We might be reminded of Harold Gilman’s zingy patterned wallpapers in gloomy Edwardian houses, but it is more useful perhaps to look across the pond to another (unrelated but contemporaneous) Gilman: to the American novelist Charlotte Perkins Gilman and her 1890 semi-autobiographical short story The Yellow Wallpaper. In this cautionary tale our protagonist is imprisoned within a room, hidden from view, oppressed in equal measures by the ‘infuriating […] torturing’ patterned, yellow walls of her bedroom jail-room and society’s limitations on her sex.
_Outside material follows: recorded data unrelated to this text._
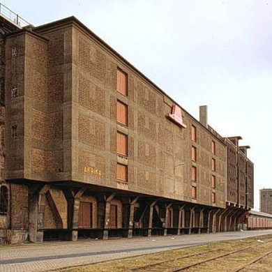 Voormalig PAKHUIS 'AFRIKA' met laad- en lossteiger, in opdracht van de N.V. Handelskade gebouwd in 1915 naar ontwerp van A.J. Joling en in 1935 aan de buitenkant ingrijpend verbouwd door de architect J. de Bie Leuveling Tjeenk in een stijl die invloed van het Functionalisme vertoont. De monolitische betonskeletstructuur, uit 1915 is een vroeg voorbeeld van het 'mushroom' systeem in Nederland.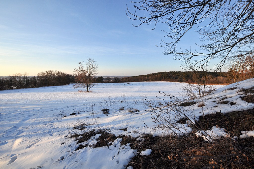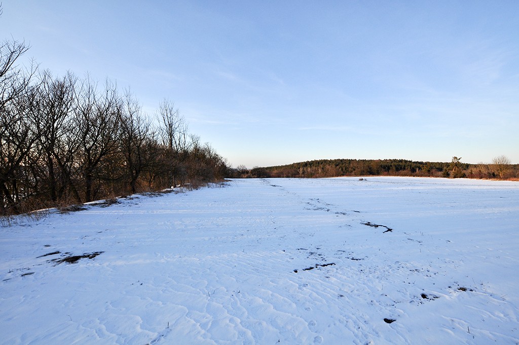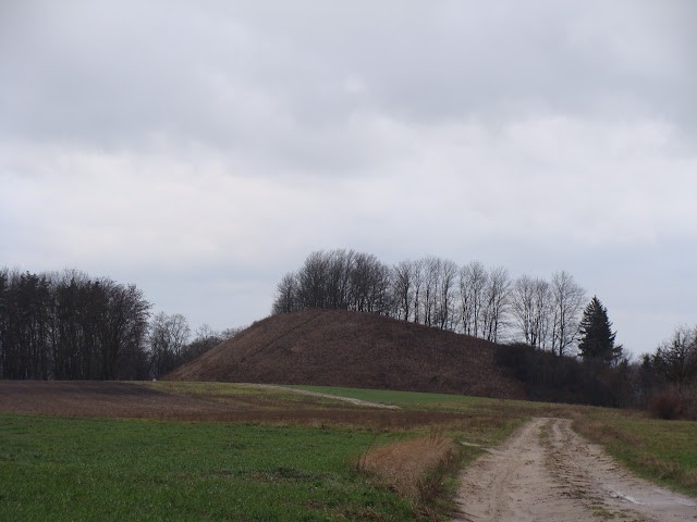 Majdan grodu (wał zniwelowany, widać zaledwie delikatną różnice poziomów - widok od strony podgrodzia).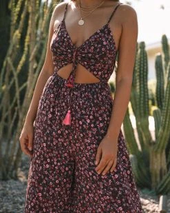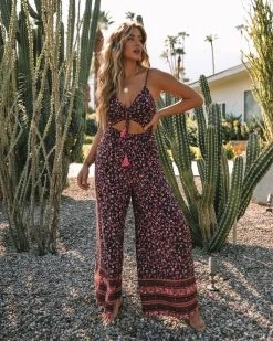 //Best Selling Print// Our Priority Printed Cutout Jumpsuit breezes from summer to fall! This chocolate jumpsuit is detailed with pink, wine, rust, and dusty blue florals. Finished with a front cutout. Styled with the Emperor Coin Necklace and Layers Of My Heart Necklace.Β

Like the mysterious woman who lurks, trapped behind the pattern of Gilman’s yellow wallpaper, Cole’s paintings too are filled with unseen, anonymous women: Vera Spencer, Helen Saunders, Mina Loy – all are far from being familiar, known, ‘household’ names.

 

The chairs of the Irish designer Eileen Grey – importantly one of the first women to be admitted to the Slade in 1898 but whose name has inexplicably dropped from wider recognition - become a focal point in Cole’s latest paintings, some with vases boasting, brim-full with cut flowers, shouting ‘Look at me! I exist!’ and demanding our attention. These chairs are as good as any by Mies van der Rohe or Le Courbusier (whose own tubular designs in fact came later). She is the pioneer. Her name and work need to be seen.

 

There is an exciting departure for Cole in this exhibition, as she continues her explorations beyond living-rooms with figurative groupings often found outside. Following on from her 2021 Ski Slopes holiday snaps series, now Barron and Larcher go shopping in a French market, Virginia and Angelica sit out in the dappled shade, and three anonymous sisters pose together on a garden lawn.  Back inside, in Cole’s kaleidoscopic world of colour – in geometric rugs, in the patterns up the walls, in the circles on fireplaces, abstract paintings and sculptures, blousy floral arrangements, repeats on curtains and stripes on settees - we’re pulled up through a rush of art history and see that there exists a cacophony of women clamouring for recognition. It transpires they were there all along, these anonymous women. Hidden in plain sight, we needed only to look a little longer to see them.